TASK GOAL: In this exercise, the entries below are to be transcribed exactly, line by line.

--------------------------------

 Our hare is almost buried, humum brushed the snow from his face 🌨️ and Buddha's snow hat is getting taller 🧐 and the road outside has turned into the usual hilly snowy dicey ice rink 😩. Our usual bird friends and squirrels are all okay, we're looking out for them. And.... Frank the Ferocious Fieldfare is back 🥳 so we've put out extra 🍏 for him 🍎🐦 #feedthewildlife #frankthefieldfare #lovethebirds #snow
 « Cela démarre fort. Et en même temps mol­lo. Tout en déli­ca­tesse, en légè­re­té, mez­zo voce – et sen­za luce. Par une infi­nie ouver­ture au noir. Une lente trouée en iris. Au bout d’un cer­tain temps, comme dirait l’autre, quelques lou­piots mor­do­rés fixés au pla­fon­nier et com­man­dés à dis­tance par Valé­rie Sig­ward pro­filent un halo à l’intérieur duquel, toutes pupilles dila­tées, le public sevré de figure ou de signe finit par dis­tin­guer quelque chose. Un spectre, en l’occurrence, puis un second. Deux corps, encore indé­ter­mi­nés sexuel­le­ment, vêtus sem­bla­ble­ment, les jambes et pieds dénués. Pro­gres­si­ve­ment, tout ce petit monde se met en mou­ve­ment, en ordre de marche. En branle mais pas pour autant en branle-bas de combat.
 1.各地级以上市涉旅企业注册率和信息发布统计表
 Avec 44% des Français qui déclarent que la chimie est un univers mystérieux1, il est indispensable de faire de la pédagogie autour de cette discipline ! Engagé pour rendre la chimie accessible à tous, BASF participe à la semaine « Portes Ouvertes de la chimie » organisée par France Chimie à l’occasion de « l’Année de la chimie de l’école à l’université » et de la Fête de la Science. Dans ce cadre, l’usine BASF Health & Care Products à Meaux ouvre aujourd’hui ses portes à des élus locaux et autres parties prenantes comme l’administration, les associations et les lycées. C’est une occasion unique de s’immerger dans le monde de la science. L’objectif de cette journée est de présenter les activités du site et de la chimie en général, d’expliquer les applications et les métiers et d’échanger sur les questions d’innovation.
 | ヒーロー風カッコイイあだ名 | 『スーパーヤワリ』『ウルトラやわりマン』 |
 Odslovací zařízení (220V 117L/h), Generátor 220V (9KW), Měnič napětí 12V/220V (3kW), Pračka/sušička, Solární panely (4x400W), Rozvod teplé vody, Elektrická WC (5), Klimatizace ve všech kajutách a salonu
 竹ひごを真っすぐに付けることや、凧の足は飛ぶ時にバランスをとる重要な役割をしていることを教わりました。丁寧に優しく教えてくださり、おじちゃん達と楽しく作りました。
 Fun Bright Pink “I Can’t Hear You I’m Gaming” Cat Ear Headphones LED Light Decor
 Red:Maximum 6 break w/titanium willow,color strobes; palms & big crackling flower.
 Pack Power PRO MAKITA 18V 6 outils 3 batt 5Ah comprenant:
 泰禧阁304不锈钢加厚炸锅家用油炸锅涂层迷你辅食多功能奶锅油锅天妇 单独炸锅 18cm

--------------------------------

OUTPUT BELOW:
 Our hare is almost buried, humum brushed the snow from his face 🌨️ and Buddha's snow hat is getting taller 🧐 and the road outside has turned into the usual hilly snowy dicey ice rink 😩. Our usual bird friends and squirrels are all okay, we're looking out for them. And.... Frank the Ferocious Fieldfare is back 🥳 so we've put out extra 🍏 for him 🍎🐦 #feedthewildlife #frankthefieldfare #lovethebirds #snow
 « Cela démarre fort. Et en même temps mol­lo. Tout en déli­ca­tesse, en légè­re­té, mez­zo voce – et sen­za luce. Par une infi­nie ouver­ture au noir. Une lente trouée en iris. Au bout d’un cer­tain temps, comme dirait l’autre, quelques lou­piots mor­do­rés fixés au pla­fon­nier et com­man­dés à dis­tance par Valé­rie Sig­ward pro­filent un halo à l’intérieur duquel, toutes pupilles dila­tées, le public sevré de figure ou de signe finit par dis­tin­guer quelque chose. Un spectre, en l’occurrence, puis un second. Deux corps, encore indé­ter­mi­nés sexuel­le­ment, vêtus sem­bla­ble­ment, les jambes et pieds dénués. Pro­gres­si­ve­ment, tout ce petit monde se met en mou­ve­ment, en ordre de marche. En branle mais pas pour autant en branle-bas de combat.
 1.各地级以上市涉旅企业注册率和信息发布统计表
 Avec 44% des Français qui déclarent que la chimie est un univers mystérieux1, il est indispensable de faire de la pédagogie autour de cette discipline ! Engagé pour rendre la chimie accessible à tous, BASF participe à la semaine « Portes Ouvertes de la chimie » organisée par France Chimie à l’occasion de « l’Année de la chimie de l’école à l’université » et de la Fête de la Science. Dans ce cadre, l’usine BASF Health & Care Products à Meaux ouvre aujourd’hui ses portes à des élus locaux et autres parties prenantes comme l’administration, les associations et les lycées. C’est une occasion unique de s’immerger dans le monde de la science. L’objectif de cette journée est de présenter les activités du site et de la chimie en général, d’expliquer les applications et les métiers et d’échanger sur les questions d’innovation.
 | ヒーロー風カッコイイあだ名 | 『スーパーヤワリ』『ウルトラやわりマン』 |
 Odslovací zařízení (220V 117L/h), Generátor 220V (9KW), Měnič napětí 12V/220V (3kW), Pračka/sušička, Solární panely (4x400W), Rozvod teplé vody, Elektrická WC (5), Klimatizace ve všech kajutách a salonu
 竹ひごを真っすぐに付けることや、凧の足は飛ぶ時にバランスをとる重要な役割をしていることを教わりました。丁寧に優しく教えてくださり、おじちゃん達と楽しく作りました。
 Fun Bright Pink “I Can’t Hear You I’m Gaming” Cat Ear Headphones LED Light Decor
 Red:Maximum 6 break w/titanium willow,color strobes; palms & big crackling flower.
 Pack Power PRO MAKITA 18V 6 outils 3 batt 5Ah comprenant:
 泰禧阁304不锈钢加厚炸锅家用油炸锅涂层迷你辅食多功能奶锅油锅天妇 单独炸锅 18cm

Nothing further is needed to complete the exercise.